Data and the Humanities
reproducibility databases

A wide range of humanities data can be analysed, including text (from literature, newspapers and social media), images (from art history and traditional or social media) and material culture (from representations of artefacts, to ethnographic reports of their creation). The creation of structured data in the form of data tables, with features that characterise the different members of the set being investigated, (such as individual artefacts, or communities of potters), is an integral step in data analysis, and often the features chosen differ from those of interest in the original sources (Drucker, 2021; Posner, 2015). Parameterisation, involves deciding which features can be measured (ie the number of words, or length of a vessel part), and these features result in quantitative data. Deciding what constitutes a unit, such as a meaningful word, is called tokenisation.

Often analysis involves estimating the similarity between objects in the dataset and determining how they are related to each other, or identifying which features are the most statistically significant. There are multiple advantages to analysing larger datasets in a scripting ‘language’ such as R or Python, whose libraries have implementations of multiple statistical methods, as well as ways to efficiently download multiple records from archives (Hvitfeldt and Silge, 2021; McDaniel, 2014; Van del Rul, 2019). Making the raw data and the analysis scripts available with publication, through providers such as Github, is important for reproducibility. This allows the analysis to be properly understood, verified and potentially extended (using improved methods, or additional data) by others. The use of metadata to describe the data (where/how/when it was collected) and its analysis, adds value to the data, and promotes its re-use.

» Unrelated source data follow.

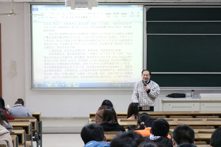 张玉和副教授首先点明“十三五”规划GDP数据的由来,并分析GDP近年来的增长速度变化。通过对计算经济增长数据的研究,理性指出经济增长同时付出的代价,由此评述国家经济发展的相关政策。以发改委批下大量项目为例,他提到产能过剩加剧、大量投资浪费的现象,分析了投资效益低下,坏账迅速增加的后果。讲到地方政府债务急剧暴涨导致债务危机形成的现象,他强调虚拟经济发展使得资本加速积聚脱实向虚。讲座中,张教授与同学们就经济发展对策上如何正确引导政府和投资主导的问题进行了讨论,他分析:不能为了追求经济增长而逐渐恶化贸易环境,投机致富只会败坏社会风气,国进民退只会挤压民企发展空间影响创新和劣化资源配置。
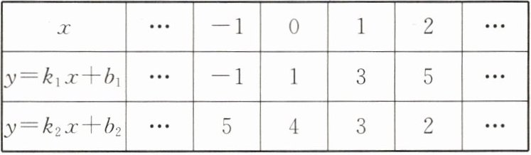 12. 下表是一次函数 $y = k_1x + b_1$ 和 $y = k_2x + b_2$ 图象上一部分点的坐标:
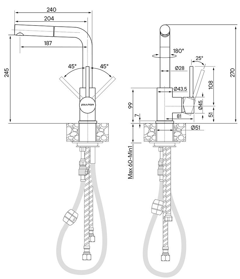 Смеситель для кухни с выдвижным шлангом, Ka214311-310Изготовлен из высококачественной латуни, которая отвечает высочайшим европейским стандартам качества, не содержит свинца, не разрушается со временем и безопасна для здоровья.Вытяжной шланг
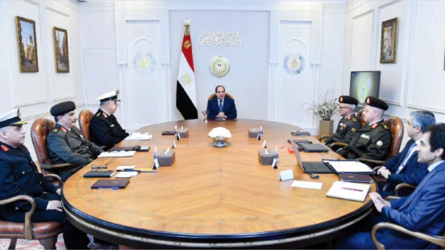 اجتمع الرئيس عبد الفتاح السيسى، أمس، مع الفريق أحمد خالد قائد القيادة الاستراتيجية والمشرف على التصنيع العسكري، واللواء أ.ح هشام سويفى رئيس الهيئة الهندسية للقوات المسلحة، واللواء أحمد الشاذلى رئيس هيئة الشئون المالية للقوات المسلحة، واللواء أحمد العزازى نائب رئيس الهيئة الهندسية للقوات المسلحة، واللواء بحرى أ.ح محمد فكرى مساعد قائد القوات البحرية للشئون الهندسية، والدكتور إسماعيل شاكر رئيس مجموعة شاكر الاستشارية، حيث قال السفير بسام راضي، المتحدث الرسمى باسم رئاسة الجمهورية، إن الرئيس اطلع على مستجدات تطوير منطقة شرق الإسكندرية، وذلك ضمن المخطط التنموى المتكامل لتطوير محافظة الإسكندرية.
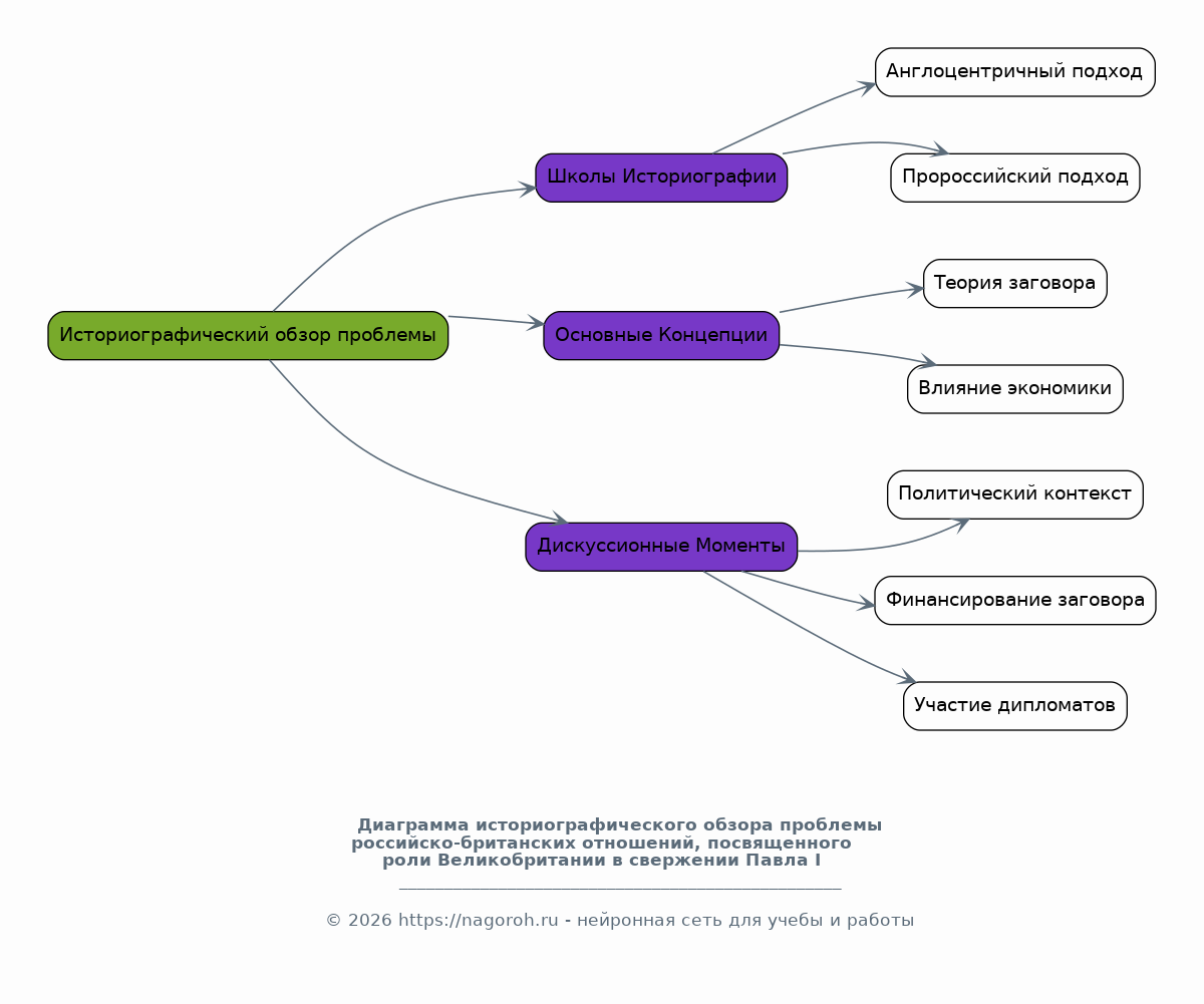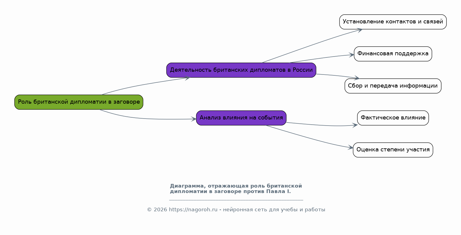 Данный исследовательский проект посвящен комплексному анализу роли Британской империи в событиях, приведших к свержению и убийству российского императора Павла I в 1801 году. В работе будут рассмотрены как отечественные, так и зарубежные историографические подходы к проблеме, а также критически проанализированы имеющиеся исторические источники – переписка, мемуары, дипломатические депеши – на предмет их достоверности и интерпретации. Особое внимание будет уделено выявлению степени осведомленности и участия английских дипломатов и влиятельных кругов в подготовке дворцового переворота, а также исследованы альтернативные версии событий, предлагаемые различными историками. Задача проекта — представить наиболее объективную картину роли Великобритании в этом ключевом эпизоде российской и европейской истории.
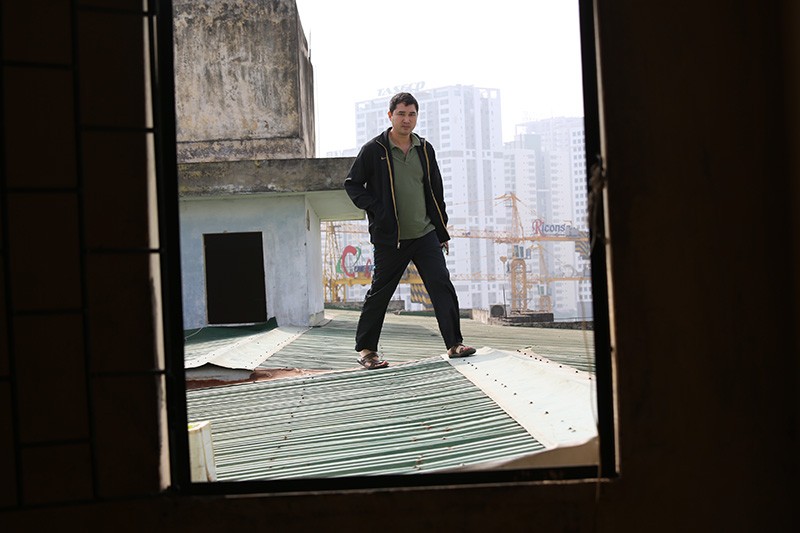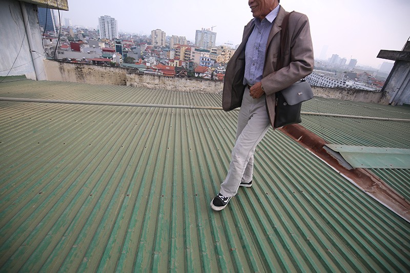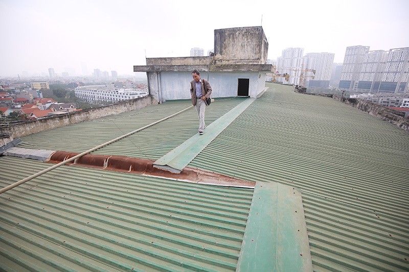 Anh Bùi Văn Nam, người sống tại tầng 8 cho biết, mình mới mổ tim không thể đi thang bộ nên đành phải liều mình đi trên mái tôn nếu muốn xuống nhà suốt nhiều tháng nay

It is important to critically interpret statistical findings from the data. Feature correlations are not necessarily because the feature is causative. Datasets with many variables are especially susceptible to spurious correlations (Cook and Ranstam, 2017). All data collections and models have biases, and these should be assessed when interpreting analysis results. Many researchers criticise ‘big data’ studies as “fishing expeditions” and argue that they solely give descriptive results, or that nuances can be lost when structuring the data into restricted categories (see Roberts, 2016; Posner, 2015). Keeping clearly defined questions and aims in mind when analysing big data is often essential to avoid “getting lost in the data”.

There are important ethical considerations when working with and releasing humanities data, and these may prevent the publication of the raw data. These considerations generally involve preventing physical (and possibly emotional) harm as a result of the data collection or publication and respecting the wishes of the communities the data concerns. Often it is important that data concerning individuals is de-identified, and that communities give informed consent for how the data will be used. With publicly released data, this can be a challenge, as the data may be analysed by others without donor consultation, and information available from the world wide web, including social media, can sometimes aid in re-identification of individuals.    

When used with planning and consideration of biases and caveats, analysis of data can illuminate patterns in the histories of music, literature, material culture and other aspects of the humanities. The growth of the use of ‘reproducible’ data (when ethical), should increase the ability to ‘reuse’ and merge data and analyses and uncover further patterns and discoveries. 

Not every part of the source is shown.